*Work to be completed*
When you reach the line that contains "Using MD simulation, we", begin copying exactly and continue through the last line below. Do not copy pictures.

*Input records*

★ ★ ★

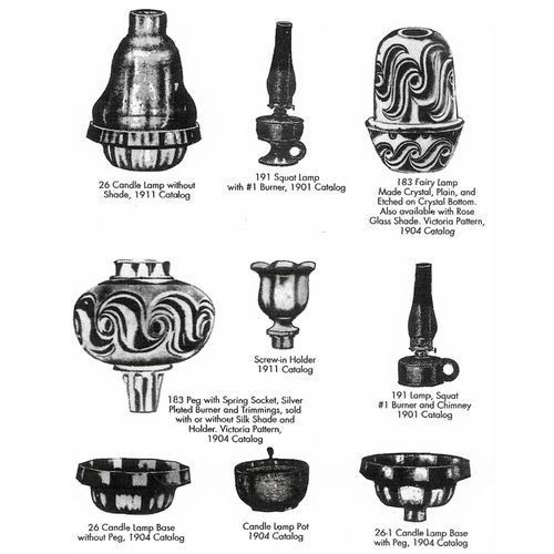 The Fostoria Glass Company was founded in 1887 in Fostoria, Ohio. They closed their doors almost 100 years later while located in Moundsville, West Virginia. Fostoria made several lamps and candle holders including full-size and miniature lamps, saucer candles, and finger candles. I am aware of only one fairy lamp that Fostoria actually called fairy and that is the Victoria pattern number 183, which Fostoria patented around 1888. It was called a Fairy Light and not fairy lamp.
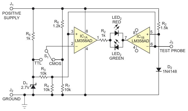 Low-component-count logic probe works with TTL and CMOS logic
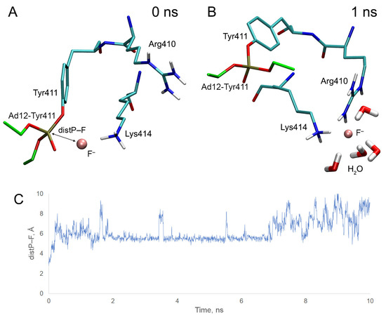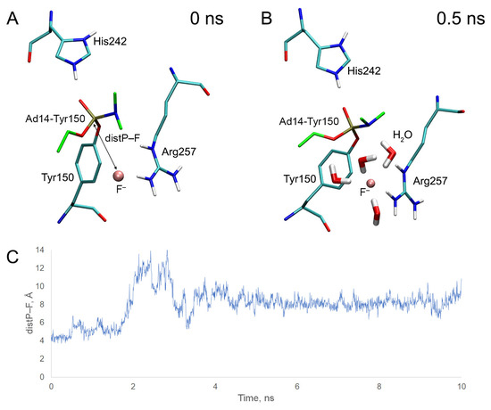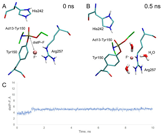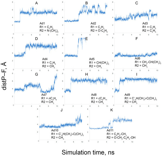 Using MD simulation, we studied the stability of the position of the fluoride ion in the active site of inhibited BChE. Using the obtained trajectories, the time dependence of the distance between the fluoride ion and the phosphorus atom of the adducts (distP–F) was plotted (Figure 10).
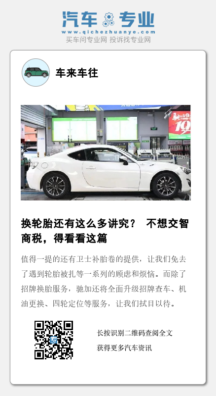 通过这次换胎服务,让我感受到驰加的专业和对细节的把控。我特别满意的地方在于驰加对于安全的重视。通过每一个专业工具,每一项环节精准的标准操作,确保换轮胎这件事上万无一失。另外,值得一提的还有卫士补胎卷的提供,让我们免去了遇到轮胎被扎等一系列的顾虑和烦恼。而除了招牌换胎服务,驰加还将全面升级招牌查车、机油更换、四轮定位等服务,让我们拭目以待。
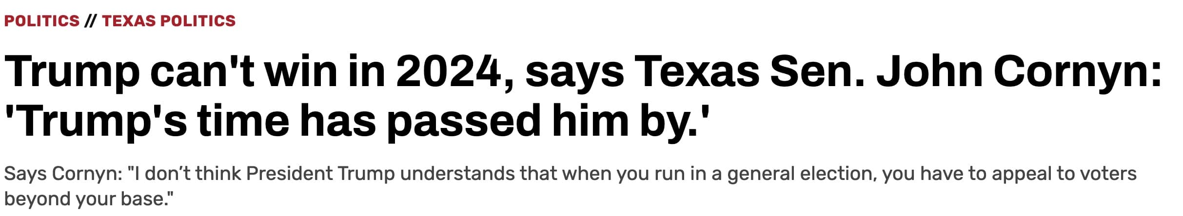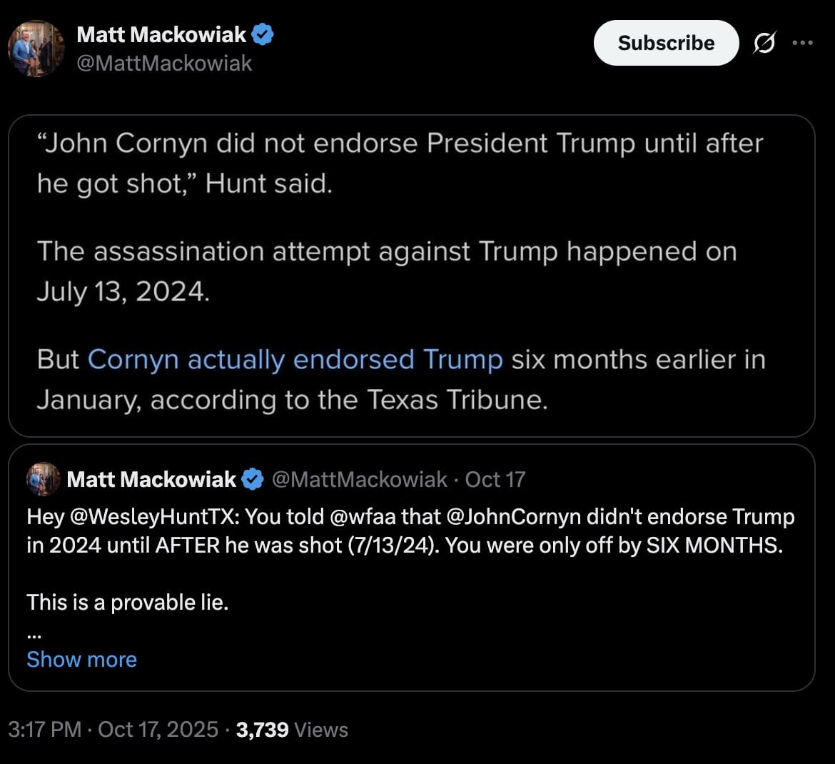 Houston, Texas – A senior staffer on the Cornyn Campaign admits on X that John Cornyn waited until AFTER President Trump dominated the Iowa Caucus before he extended his support for Trump’s presidential bid!![]() View Cornyn’s Senior Staffers’ Social Media Post Here Let’s break it down: Trump Announced: November 15, 2022 Wesley Hunt endorsed: November 15, 2022 Days passed: 0 John Cornyn endorsed: January 23, 2024 Days Passed: 435 That is equivalent to: 37,584,000 seconds OR 626,400 minutes OR 10,440 hours OR 62 weeks and 1 day For months, John Cornyn has been going on social media and running campaign ads statewide claiming that he was endorsed by Trump and is the MAGA candidate for Texas. This new tune that Cornyn is singing has NOT always been his song. Right after President Trump announced his bid for President, to which Congressman Hunt immediately endorsed, John Cornyn said Trump’s “time had passed him by.” ![]() Read More to Learn More Question: Does John Cornyn think that he can fool Texans into believing he is a MAGA Republican? Contact: James Kyrkanides, Lillian Hale Email: James@wesleyfortexas.com, Lillian@wesleyfortexas.com ### |

★ ★ ★

*Exercise output*
 Using MD simulation, we studied the stability of the position of the fluoride ion in the active site of inhibited BChE. Using the obtained trajectories, the time dependence of the distance between the fluoride ion and the phosphorus atom of the adducts (distP–F) was plotted (Figure 10).
 通过这次换胎服务,让我感受到驰加的专业和对细节的把控。我特别满意的地方在于驰加对于安全的重视。通过每一个专业工具,每一项环节精准的标准操作,确保换轮胎这件事上万无一失。另外,值得一提的还有卫士补胎卷的提供,让我们免去了遇到轮胎被扎等一系列的顾虑和烦恼。而除了招牌换胎服务,驰加还将全面升级招牌查车、机油更换、四轮定位等服务,让我们拭目以待。
 Houston, Texas – A senior staffer on the Cornyn Campaign admits on X that John Cornyn waited until AFTER President Trump dominated the Iowa Caucus before he extended his support for Trump’s presidential bid!![]() View Cornyn’s Senior Staffers’ Social Media Post Here Let’s break it down: Trump Announced: November 15, 2022 Wesley Hunt endorsed: November 15, 2022 Days passed: 0 John Cornyn endorsed: January 23, 2024 Days Passed: 435 That is equivalent to: 37,584,000 seconds OR 626,400 minutes OR 10,440 hours OR 62 weeks and 1 day For months, John Cornyn has been going on social media and running campaign ads statewide claiming that he was endorsed by Trump and is the MAGA candidate for Texas. This new tune that Cornyn is singing has NOT always been his song. Right after President Trump announced his bid for President, to which Congressman Hunt immediately endorsed, John Cornyn said Trump’s “time had passed him by.” ![]() Read More to Learn More Question: Does John Cornyn think that he can fool Texans into believing he is a MAGA Republican? Contact: James Kyrkanides, Lillian Hale Email: James@wesleyfortexas.com, Lillian@wesleyfortexas.com ### |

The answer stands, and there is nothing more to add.